A guide to modeling reaction-diffusion of molecules with Spatiocyte¶
The E-Cell System is an advanced platform intended for mathematical modeling and simulation of well-stirred biochemical systems. We have recently implemented the Spatiocyte method as a set of plug in modules to the E-Cell System, allowing simulations of complicated multicompartment dynamical processes with inhomogeneous molecular distributions. With Spatiocyte, the diffusion and reaction of each molecule can be handled individually at the microscopic scale. Here we describe the basic theory of the method and provide the installation and usage guides of the Spatiocyte modules. Where possible, model examples are also given to quickly familiarize the reader with spatiotemporal model building and simulation.
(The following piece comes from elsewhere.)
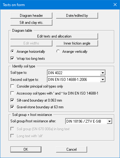 If this button is pressed the headings of the grain size distribution diagram and the "Remarks" element can be altered.

Keywords: spatial modeling, stochastic simulation, diffusion, membrane, multicompartment, intercompartment, Spatiocyte
The E-Cell System version 3 can model and simulate both deterministic and stochastic biochemical processes (Takakashi et al., 2004). Simulated molecules are assumed to be dimensionless and homogeneously distributed in a compartment. Some processes such as cell signaling and cytokinesis, however, depend on cellular geometry and spatially localized molecules to carry out their functions. To reproduce such processes using spatially resolved models in silico, we have developed a lattice-based stochastic reaction-diffuson (RD) simulation method, called Spatiocyte (Arjunan and Tomita, 2010), and implemented it as a set of plug in modules to the E-Cell System (Arjunan and Tomita, 2009). Spatiocyte allows diffusion and reaction to take place between different compartments: for example, a volume molecule in the cytoplasm can diffuse and react with a surface molecule on the plasma membrane. Since molecules are represented as spheres with dimensions, it can also reproduce anomalous diffusion of molecules in a crowded compartment (Dix and Verkman, 2008, Hall and Hoshino, 2010). Using Spatiocyte simulated microscopy visualization feature, simulation results of spatiotemporal localization of molecules can be evaluated by directly comparing them with experimentally obtained fluorescent microscopy images.
The theory and algorithm of the Spatiocyte method are provided in (Arjunan and Tomita, 2010) while the implementation details are described in (Arjunan and Tomita, 2009). In this chapter, we provide a guide on how to build spatiotemporal RD models using Spatiocyte modules. We begin with the basic theory of the method and proceed with the installation procedures. The properties of each module are outlined in the subsequent section. Some example models are given to familiarize the reader with the common model structures while describing the modules. We conclude this chapter by outlining the planned future directions of Spatiocyte development.